= Information shown =
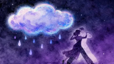– Seni cat air abstrak yang menampilkan langit malam biru tua dan ungu dengan bintang yang terang.
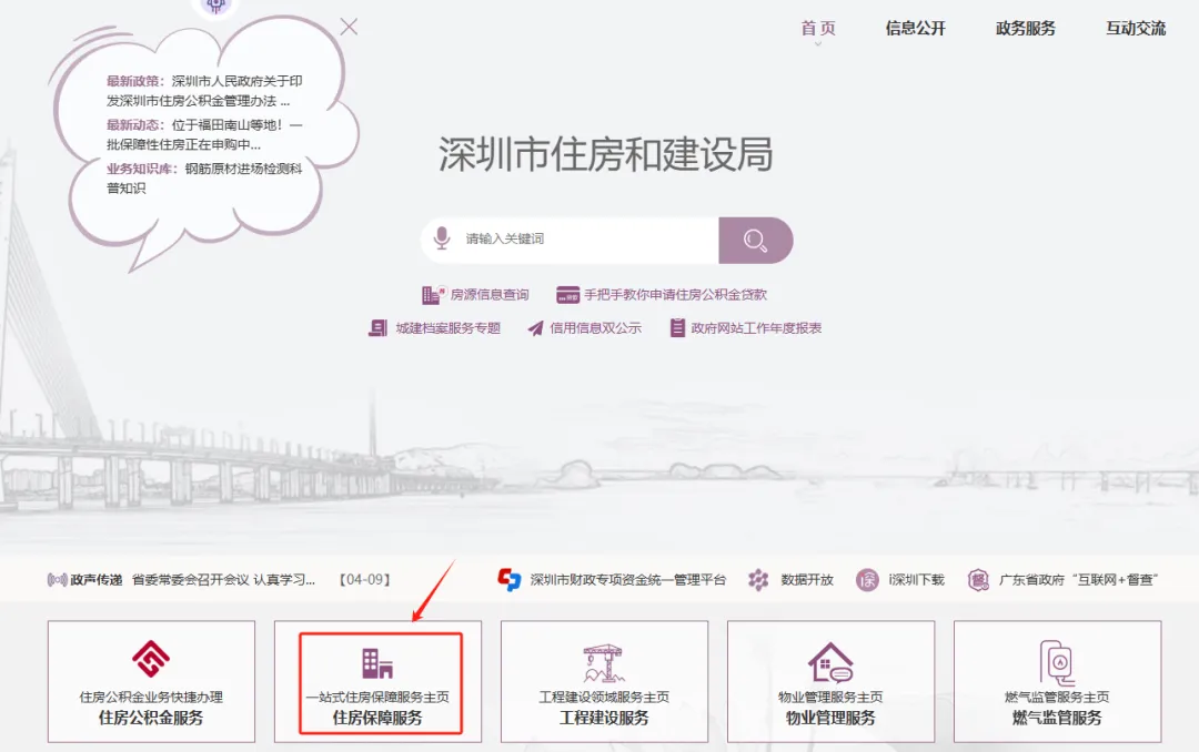 ⭕符合认租条件并且有意认租本次公共租赁住房的坪山区在册轮候家庭,进入深圳市住房和建设局官网,进入【住房保障服务】页面
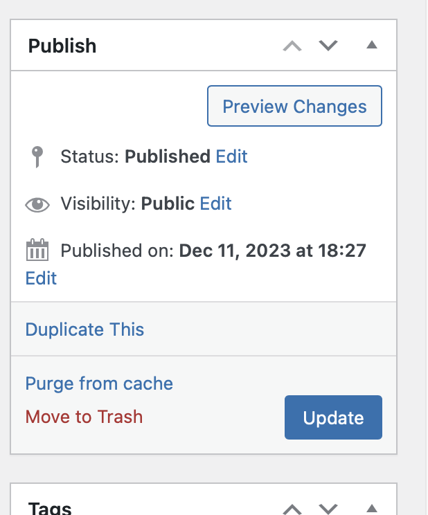 If you hit “Edit,” make the desired changes to the event and then hit the “Update” button near the top of the right column in the “Publish” block.
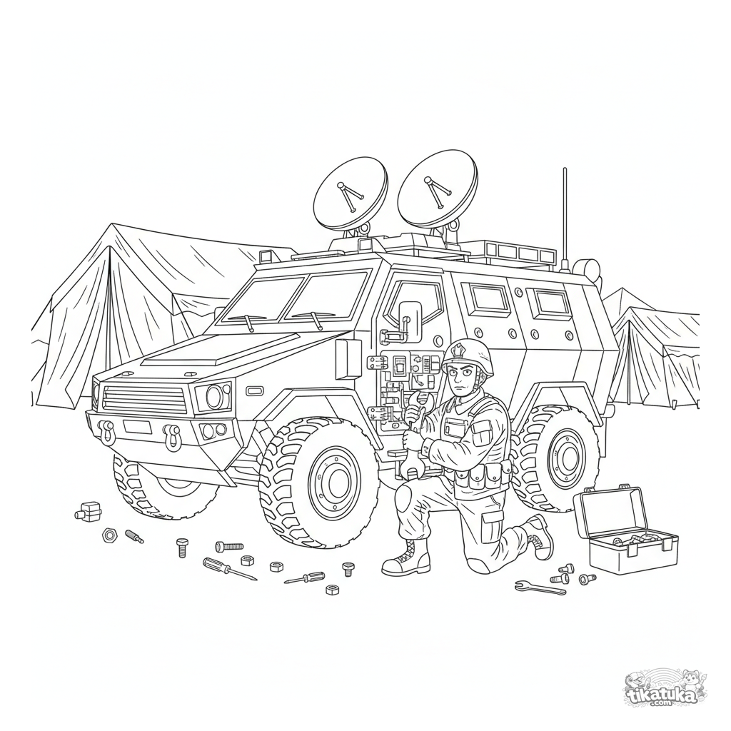 Detailliertes Ausmalbild für 10-12 Jahre: Ein Soldat repariert ein Kommunikationsfahrzeug an einem Feld-HQ. Viele Werkzeuge, offene Klappe, Zelte im Hintergrund.

= Task directions =
Now repeat exactly the lines from the one with "make the desired" through the end of the listing above, both included, omitting all pictures.

= Response =
 If you hit “Edit,” make the desired changes to the event and then hit the “Update” button near the top of the right column in the “Publish” block.
 Detailliertes Ausmalbild für 10-12 Jahre: Ein Soldat repariert ein Kommunikationsfahrzeug an einem Feld-HQ. Viele Werkzeuge, offene Klappe, Zelte im Hintergrund.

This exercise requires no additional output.